Cron Expressions For DuckDB
Introducing a DuckDB extension that interprets cron expressions to generate scheduled timestamps directly in SQL, built with the Rust croner crate.
Motivation
Cron jobs are a fundamental tool for scheduling tasks, often used for analyzing system behavior or verifying the completeness of data collections.

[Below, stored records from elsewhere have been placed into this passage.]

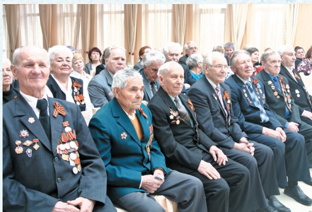
Поздравление ветеранов с Днём Победы. 2012 год.
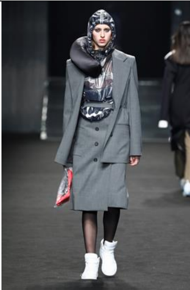
C+plus SERIES 2018AW
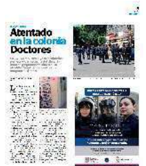
La víctima falleció mientras recibía atención urgente en el Hospital del IMSS Magdalena de las Salinas.

For instance, a task might be scheduled to run daily at 10:30 AM, while another runs every Tuesday at 3 PM. These times might be in different time zones, such as UTC or New York time.
To efficiently compare these scheduled tasks against actual data, it’s beneficial to generate a list of expected timestamps directly within DuckDB. While DuckDB’s generate_series() function can create a series of timestamps, it lacks the expressiveness needed for complex recurring patterns. I want to fill this with a new DuckDB extension that interprets cron expressions, leveraging the Rust crate croner. Get the extension here:
https://github.com/rustyconover/duckdb-cron-extension
This extension introduces a table-returning function cron(), which calculates upcoming or past times that satisfy a given cron expression.
Examples
Basic Usage
The cron() function returns the next timestamp for a given cron expression:
SELECT * FROM cron('*/5 * * * *');
Future Timestamps
To retrieve all future occurrences up to a specific date:
SELECT * FROM cron('*/5 * * * *', start='2024-01-01', until='2024-01-02');
Past Timestamps
To retrieve occurrences within a past date range:
SELECT * FROM cron('*/5 * * * *', start='2023-01-01', until='2023-01-02');
Timezone Handling
Cron expressions can be evaluated in specific time zones:
SELECT * FROM cron('30 10 * * *', timezone='America/New_York');
Changing DuckDB’s timezone to match.
SET timezone='America/New_York';
Second Level Precision
SELECT * FROM cron('*/10 * * * * *');
More complicated cron expressions
Using cron expressions for specific days of the week:
SELECT * FROM cron('0 9 * * MON-FRI');
Function Documentation
cron(VARCHAR, start=TIMESTAMP, until=TIMESTAMP, timezone=VARCHAR)
Parameters:
cron_expression (VARCHAR) - A valid cron expression string
Optional Named Parameters:
start (TIMESTAMP) - The start of the time range to evaluate
until (TIMESTAMP) - The end of the time range to evaluate
timezone (VARCHAR) - The timezone to use for evaluation
Returning
A single column cron, which contains timestamps when the cron pattern is satisfied.
Installation
Clone the GitHub Repo.